====== Study material

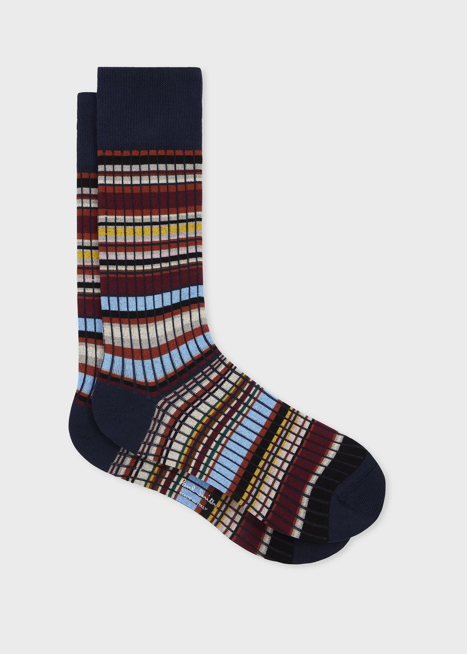 Made in Italy from a soft cotton-blend, these navy blue socks feature our classic 'Signature Stripe' and a ribbed construction. Perfect for adding a dash of colour and pattern to a formal outfit, these socks are finished with blue heels, toes and cuffs. Product Code: M1A-380CI-N109-47
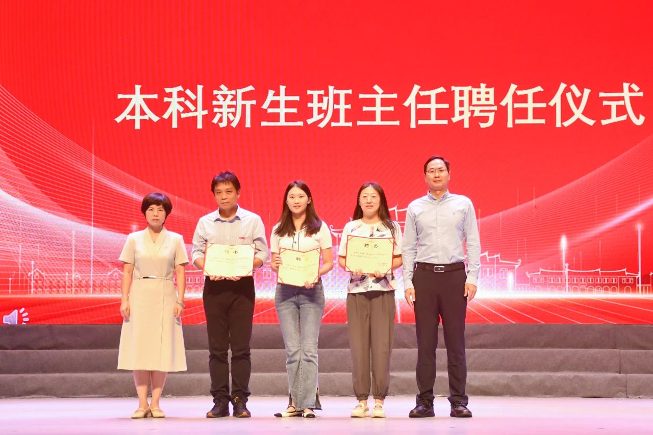 紧接着,吴超鹏和郑碧娇共同为本科新生班主任代表颁发聘书。
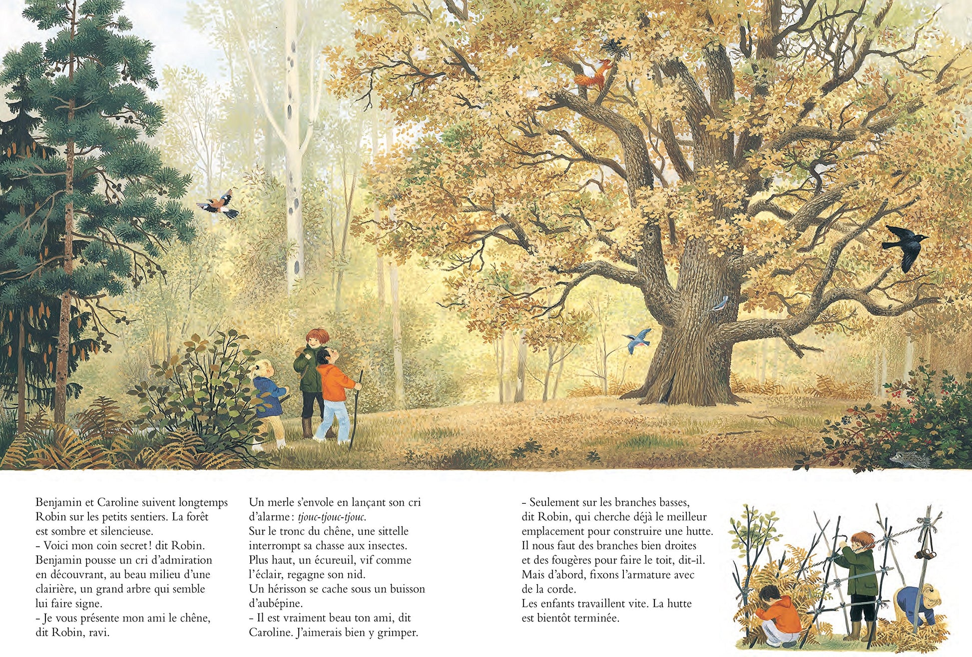 Benjamin et Caroline adorent séjourner chez leur cousin Robin dans sa maison près de la forêt. À l'automne, Robin les emmène voir son arbre préféré, un chêne géant de 300 ans. Les enfants construisent une tanière sous les branches géantes du chêne et regardent les écureuils cacher des glands dans son large tronc.
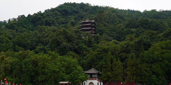 过安澜桥可以看到二王庙了;秦堰楼在二王庙的高处。
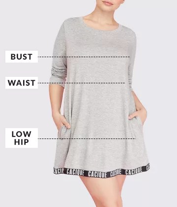 The bust measurement is calculated by taking the circumference (front through back) of the fullest area around the bust.
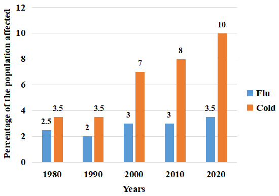 As per data available in the table above. what was the aproximate percentage increase the percentage of the population affected by cold in 2020 when compared to the percentage of the population affected by cold in 1990?

============

Work to complete – Start at the top line above and repeat the records verbatim, leaving images out.

Answer to the exercise –
 Made in Italy from a soft cotton-blend, these navy blue socks feature our classic 'Signature Stripe' and a ribbed construction. Perfect for adding a dash of colour and pattern to a formal outfit, these socks are finished with blue heels, toes and cuffs. Product Code: M1A-380CI-N109-47
 紧接着,吴超鹏和郑碧娇共同为本科新生班主任代表颁发聘书。
 Benjamin et Caroline adorent séjourner chez leur cousin Robin dans sa maison près de la forêt. À l'automne, Robin les emmène voir son arbre préféré, un chêne géant de 300 ans. Les enfants construisent une tanière sous les branches géantes du chêne et regardent les écureuils cacher des glands dans son large tronc.
 过安澜桥可以看到二王庙了;秦堰楼在二王庙的高处。
 The bust measurement is calculated by taking the circumference (front through back) of the fullest area around the bust.
 As per data available in the table above. what was the aproximate percentage increase the percentage of the population affected by cold in 2020 when compared to the percentage of the population affected by cold in 1990?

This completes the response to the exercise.